● **Your task**
Beginning with the line that holds "QuickData Express™ provides" and finishing with the line that holds "Πρωταγωνιστής από το", repeat the listing exactly, leaving every picture out.

● **Material for this task**
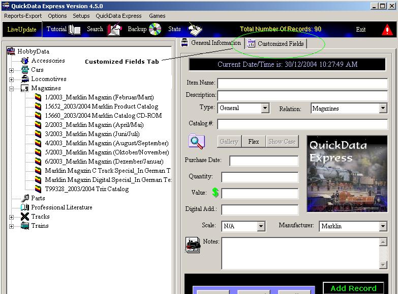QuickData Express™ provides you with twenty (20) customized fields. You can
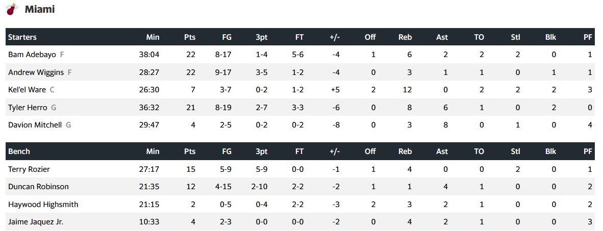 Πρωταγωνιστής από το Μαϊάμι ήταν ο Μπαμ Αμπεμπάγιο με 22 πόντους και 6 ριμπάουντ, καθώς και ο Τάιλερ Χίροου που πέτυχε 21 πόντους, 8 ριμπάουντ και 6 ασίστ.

* * *

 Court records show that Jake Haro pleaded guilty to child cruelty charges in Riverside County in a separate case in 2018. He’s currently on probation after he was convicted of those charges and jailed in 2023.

● **Written reply**
QuickData Express™ provides you with twenty (20) customized fields. You can
 Πρωταγωνιστής από το Μαϊάμι ήταν ο Μπαμ Αμπεμπάγιο με 22 πόντους και 6 ριμπάουντ, καθώς και ο Τάιλερ Χίροου που πέτυχε 21 πόντους, 8 ριμπάουντ και 6 ασίστ.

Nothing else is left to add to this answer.